### Work task:
Exactly the lines from the line that has "Beautiful hot pink" through the final line below are to be retyped, and the pictures are not.

### Recorded data:
----------------

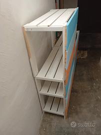 scaffale in legno con giunta di asse in legno colorate 130/75x158x36
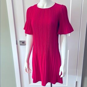 Beautiful hot pink dress in pin style pleats that widen slightly at skirt.
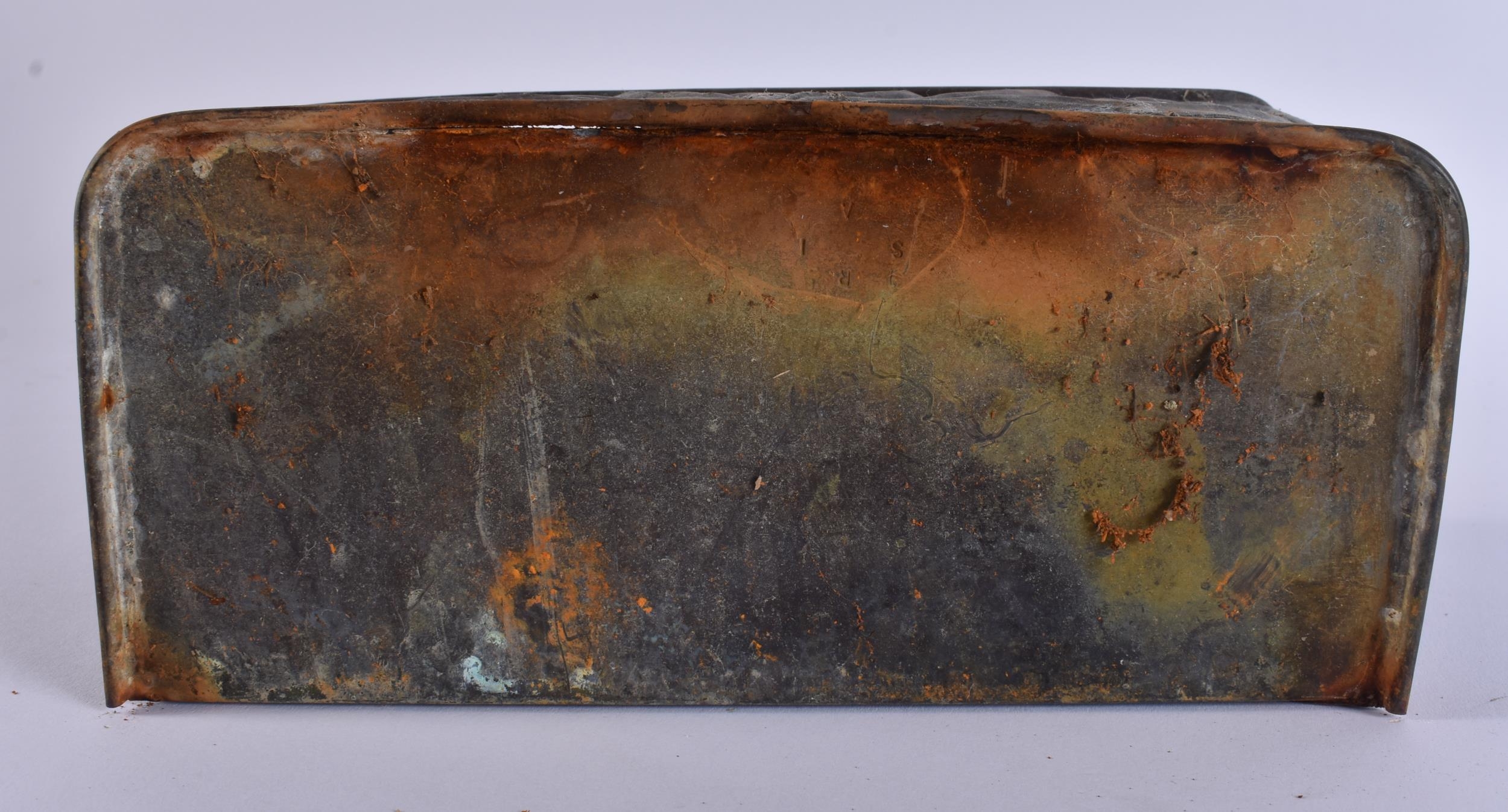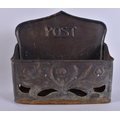 AN ART NOUVEAU ENGLISH COPPER POST TRAY. 23 cm x 23 cm.

----------------

### Response for this exercise:
 Beautiful hot pink dress in pin style pleats that widen slightly at skirt.
 AN ART NOUVEAU ENGLISH COPPER POST TRAY. 23 cm x 23 cm.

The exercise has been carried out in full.